Put more plainly "if it works at all it doesn't matter" is how most consumers (probably correctly) treat performance optimizations/installation size.
The sacrifices you talk about were made at explicit request of consumers. Games have to be "long enough" and the difference between enough game loop and grinding is a taste thing. Games have to be "pretty" and for better or worse stylized takes effort and is a taste thing (see Wind Waker) while fancy high res lighting engines are generally recognized as good.
I will say though while being made by indies means they are optimized terribly the number of stylized short games is phenomenally high it can just be hard to find them.
Especially since it is difficult for an hour or two game to be as impactful as a similar length movie so they tend to not be brought up as frequently.

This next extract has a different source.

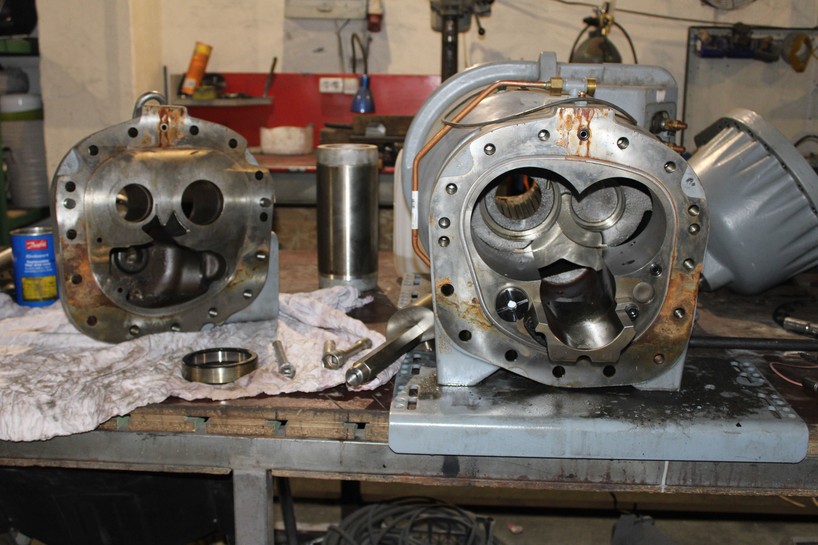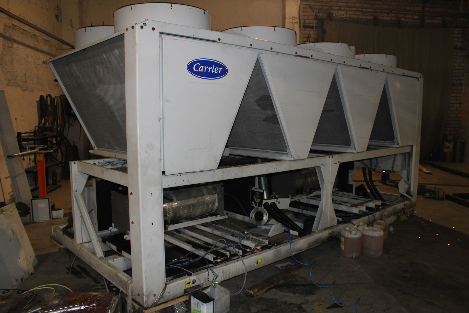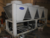 Описание: произведена диагностика чиллера с последующим ремонтом. Выявлены дефекты: присутствие воды в обоих контурах теплообменника, механические повреждения его трубок, неисправность ТРВ экономайзера контура В, коррозия всех составляющих компрессора контура В, притирание прецизионной контргайки к обойме подшипника ведущего винта в результате смещения рабочего зазора компрессора контура А, повреждения уплотнительной резинки корпуса компрессора контура А, отсутствие фильтров грубой очистки и датчиков температуры на входе и выходе испарителя. Выполнено: химическая промывка теплообменника (испарителя) чиллера; экономайзеров, маслоотделителей; капремонт испарителя и компрессоров с заменой подшипников, уплотнителей, сальников; замена ТРВ экономайзера контура В и сердечников фильтров-осушителей двух контуров; установка датчиков температуры; полная замена масла контура А и В.

Filesize matters, especially to people with limited bandwidth and data caps. The increasing cost of SSDs only makes this situation more hardware constrained.

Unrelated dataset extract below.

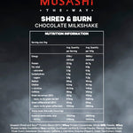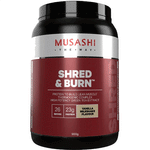 Musashi Shred and Burn is scientifically formulated using whey protein concentrate and whey protein isolate in an advanced muscle shredding complex. This lean muscle formula is enhanced with key Shred and Burn ingredients: Carnitine and Green Tea extract to support your goals in a delicious formula that tastes great and mixes with ease.

I wonder what his feelings are in this age of AI.
Just speculation on my part of course.
Also, “masters of doom” is such a good book. Recommend it for anyone who wants to peek behind the scenes of how Carmack, Romero, and iD software built Doom (and Wolf3D etc).
But a very cool link, thanks for sharing! :)
No touch controls though, it just plays the intro loop
Also, with DOOM running on all these things now, is it still impossible to get it to run well on a 386?
Does this means you can run a doom instance on each bud? Is it viable to make a distributed app to use the computing power of both buds at once?
Using them for distributed computation though? interesting use of free will xD
Left ear for the right eye and vice versa
"VR Doom has been ported to an earbud(s)" ;)
But, this probably makes more sense.
- Society continues to produce more and more powerful devices.
- More and more of these devices begin running Doom.
- When this reaches the saturation point, society becomes Doom.